▶ **Data shown**:
┌──

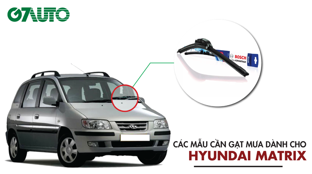 Gạt mưa ô tô là một phụ tùng quan trọng của ô tô, sử dụng chủ yếu trong thời tiết ẩm ướt để làm sạch sương, nước mưa đọng bám trên bề mặt kính chắn gió. Trong bài viết dưới đây, G7Auto sẽ tư vấn cho bạn về kích thước, chi phí cũng như các hướng dẫn thay lắp gạt mưa cho xe Hyundai Matrix:
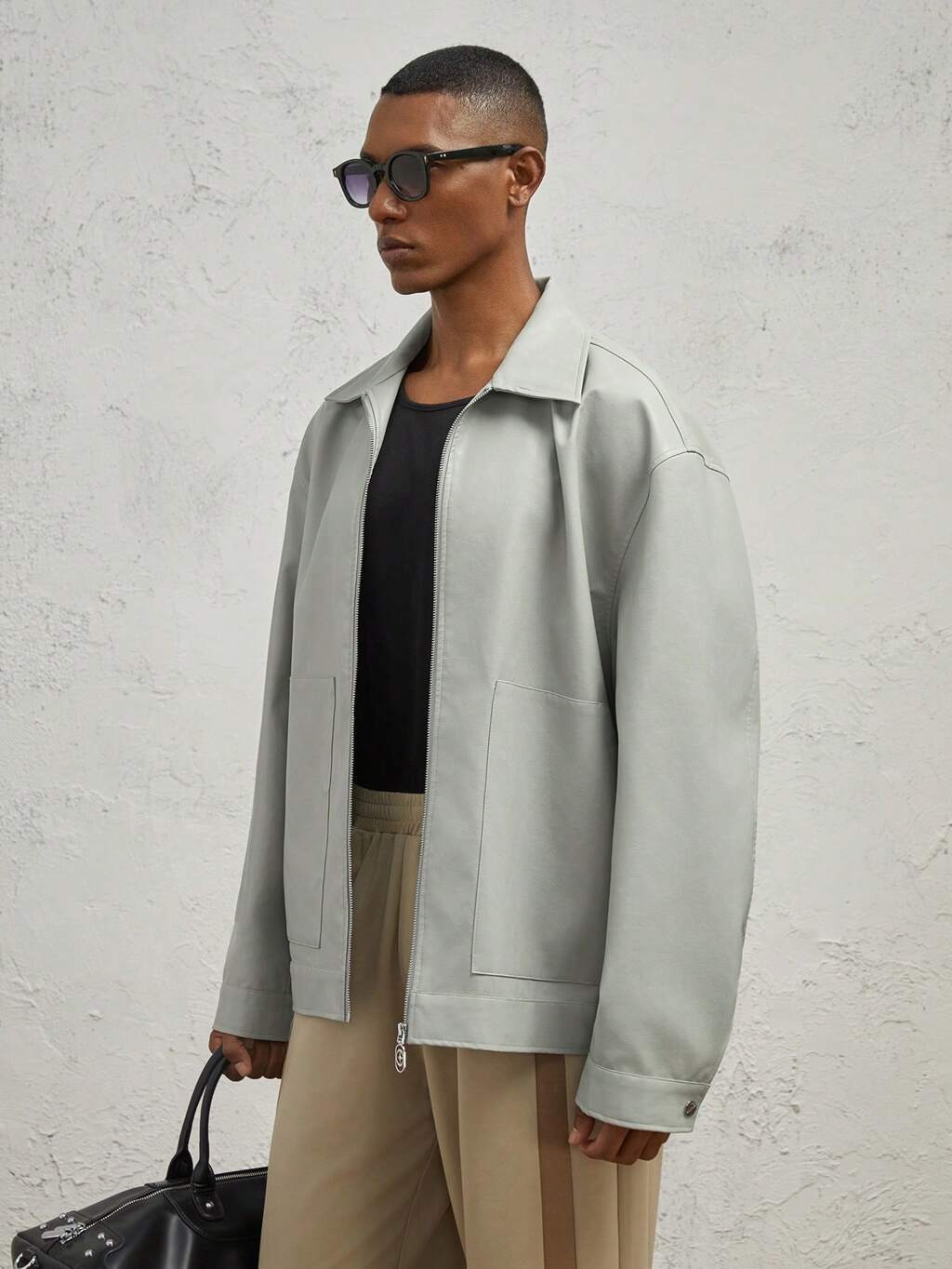 メンズ ルーズフィット ドロップショルダー カジュアル ベースボールカラー ジップアップ 無地ジャケット レザーパッチ付き、秋冬用
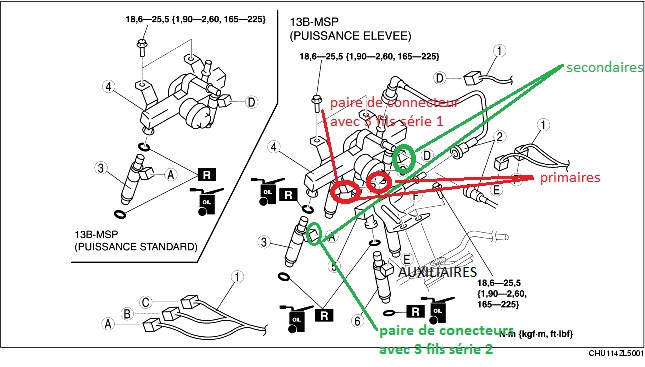 Voir schéma ci-dessous, c'est plus clair. On replira correctement les 2 connecteurs qui ne servent pas de chaque série en faisant attention de ne pas les mettre à un endroit qui gêne. Et on ne branche rien sur les 2 connecteurs des injecteurs auxiliaires qui se trouvent dessous.
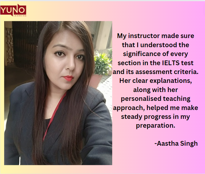 Astha decided to join Yuno Learning’s IELTS Comprehensive Course, where she was guided by instructor Kashish Lulania. Kashish played a key role in breaking down the exam pattern. She made sure that Astha understood the significance of every section in the IELTS test and its assessment criteria. Her clear explanations, along with her personalised teaching approach, helped Astha make steady progress in her preparation. In addition, The one-on-one sessions and detailed feedback allowed Astha to pinpoint her weak areas and work on them effectively.

└──

▶ **Exercise details**:
Output the listing word for word. Drop the pictures.

▶ **Answer**:
 Gạt mưa ô tô là một phụ tùng quan trọng của ô tô, sử dụng chủ yếu trong thời tiết ẩm ướt để làm sạch sương, nước mưa đọng bám trên bề mặt kính chắn gió. Trong bài viết dưới đây, G7Auto sẽ tư vấn cho bạn về kích thước, chi phí cũng như các hướng dẫn thay lắp gạt mưa cho xe Hyundai Matrix:
 メンズ ルーズフィット ドロップショルダー カジュアル ベースボールカラー ジップアップ 無地ジャケット レザーパッチ付き、秋冬用
 Voir schéma ci-dessous, c'est plus clair. On replira correctement les 2 connecteurs qui ne servent pas de chaque série en faisant attention de ne pas les mettre à un endroit qui gêne. Et on ne branche rien sur les 2 connecteurs des injecteurs auxiliaires qui se trouvent dessous.
 Astha decided to join Yuno Learning’s IELTS Comprehensive Course, where she was guided by instructor Kashish Lulania. Kashish played a key role in breaking down the exam pattern. She made sure that Astha understood the significance of every section in the IELTS test and its assessment criteria. Her clear explanations, along with her personalised teaching approach, helped Astha make steady progress in her preparation. In addition, The one-on-one sessions and detailed feedback allowed Astha to pinpoint her weak areas and work on them effectively.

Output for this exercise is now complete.